On 8/29/2018 7:17 AM, Pure Host - Wolfgang Freudenberger wrote:
I am currently restructuring a big-data cloud with 1000+ collections
on a SOLRCloud. The datas are stored on 4 shards without a replica.
This data are deprecated and readonly for some purpose, so I want to
migrate them to a new cloud with 1 Shard and 1 Replica.

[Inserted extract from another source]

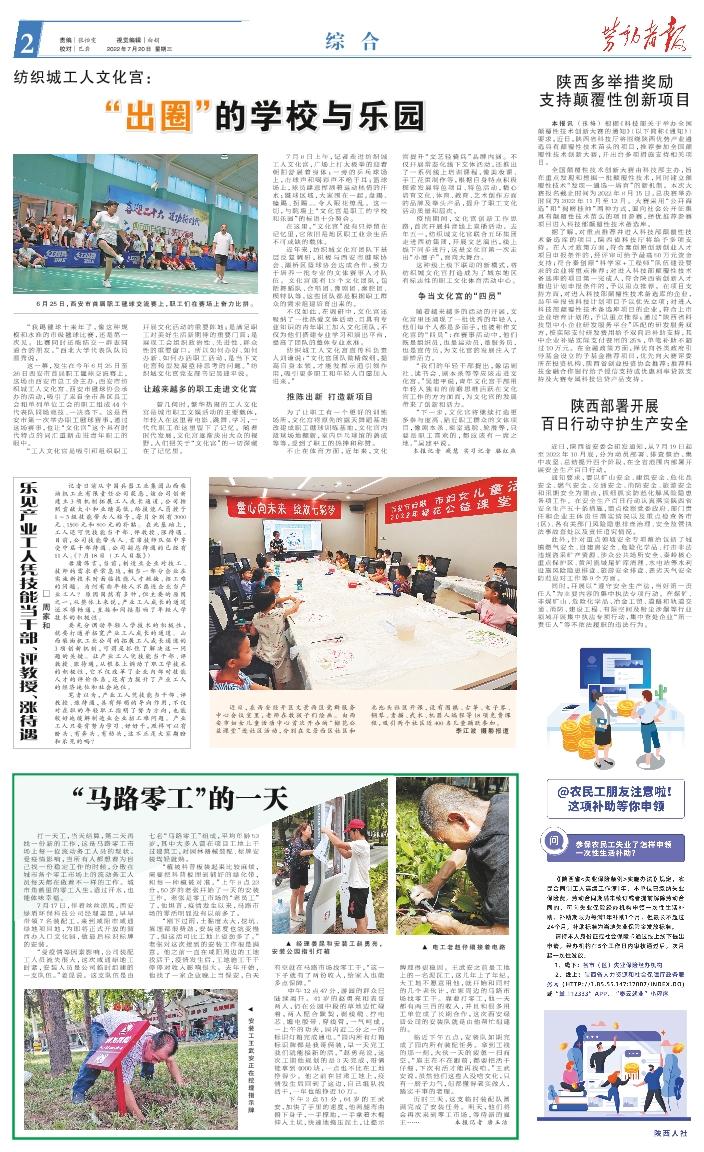 ▲ 经理姜昆和安装工赵勇亮,安装公园指引灯箱▲ 电工老赵仔细接着电路安装工王武安正在挖埋指示牌 打一天工,当天结算,第二天再找一份新的工作,这是马路零工市场上每一位流动务工人员的现状。受疫情影响,当所有人都想着为自己找一份稳定工作的时候,分散在城市各个零工市场上的流动务工人员每天都在做着不一样的工作。城市角落里的零工人生,透过汗水,也能体味幸福。 7月17日,伴着丝丝凉风,西安绿盾环保科技公司经理姜昆,早早带领7名装配工,来到咸阳市咸通绿地项目地,为即将正式开放的渭西办人口文化园,做最后标识标牌的安装。 “受疫情等因素影响,公司装配工人员流失很大,这次咸通绿地工时紧,安装人员是公司临时组建的一支队伍。”姜昆说。这支队伍是由七名“马路零工”组成,平均年龄53岁,其中大多人曾在项目工地上干过建筑工,对园林器械装配、标牌安装驾轻就熟。 “植被科普板装起来比较麻烦,需要把科普板埋到铺好的绿化带,和每一种植被对准。”上午8 点23分,50岁的老张开始了一天的安装工作。老张是零工市场的“老员工”了,他坦言,疫情发生以来,马路市场的零活明显没有以前多了。 “刚下过雨,土黏度太大,挖坑、填埋都很费劲,安装速度也就变慢了,但这活可比工地上省劲多了。”老张对这次接到的安装工作很是满意。他之前一直在咸阳周边的工地找活干,疫情发生后,工地施工干干停停对收入影响很大。去年开始,他找了一家企业晚上当保安,白天有空就在马路市场找零工干,“这一下子就有了两份收入,给家人也能多点保障。” 中午12点47分,游园的群众已陆续离开。41岁的赵勇亮和表哥两人,仍在公园中段的草地边忙碌着,两人配合默契,剥线缆、拧电芯、缠电胶带、穿线管,一气呵成。一上午的功夫,园内近二分之一的标识灯箱完成通电。“园内所有灯箱标识牌都是我哥俩装,早一天完工我们就能接新的活。”赵勇亮说,这次工期他规划的是3天完成,哥俩能拿到4000块,一点也不比在工地挣得少。他之前在甘肃工地上,疫情发生后回到了这边,自己组队找活干,一年也能挣近10万。 下午2 点 51 分,64岁的王武安,加快了手里的速度,他两腿弯曲俯下身子,一手撑地,一手拿着木棍伸入土坑,快速地捣压泥土,让提示牌埋得更稳固。王武安之前是工地上的一名泥瓦工,这几年上了年纪,大工地不愿意用他,就开始和同村的几个老伙计,在家周边的马路市场找零工干。靠着打零工,他一天都有两三百的收入,并且和很多用工单位成了长期合作,这次西安绿盾公司的安装队就是由他帮忙组建的。 临近下午五点,安装队如期完成了园内所有装配任务。拿到工钱的那一刻,大伙一天的疲惫一扫而空。“雇主在不在跟前,都要把活干仔细,下次有活才能再找咱。”王武安说,虽然他们这些人没啥文化,只有一膀子力气,但都懂得老实做人,踏实干事的老理。 历时三天,这支临时装配队圆满完成了安装任务。明天,他们将会再次来到零工市场,等待新的雇主…… 本报记者 唐玉洁

If you have no replicas, then you have no data to query. You can create
a collection with zero replicas, but then you must specifically add a
replica before you can actually use it.
I think you probably mean that you are going from a one-replica install
(replicationFactor=1) to a two-replica install. The leaders are also
replicas.
Is there an "easy" way to merge the shards? Or do I have to read/write
copy from the old to the new cloud?
The Collections API does not yet have a way to merge shards. An issue
has been created, but it hasn't been implemented yet. I do not know
when that might happen:
https://issues.apache.org/jira/browse/SOLR-9407
The CoreAdmin API does have an option to merge indexes -- but when
running in cloud mode, the CoreAdmin API is an expert API and should not
normally be used.
The way I would handle this in reality is to re-index the data onto the
new cloud. Anytime I upgrade Solr or build something new, I index from
scratch. It works better that way. You should always be prepared to
reindex your data from scratch -- it's a common need with a search engine.
If reindexing is more difficult for you, and you're not upgrading Solr,
then you could try this: Copy cores from the older SolrCloud install to
a standalone server, merge the indexes there, build the collection in
the new cloud, and replace the index for that collection with the merged
index.
Thanks,
Shawn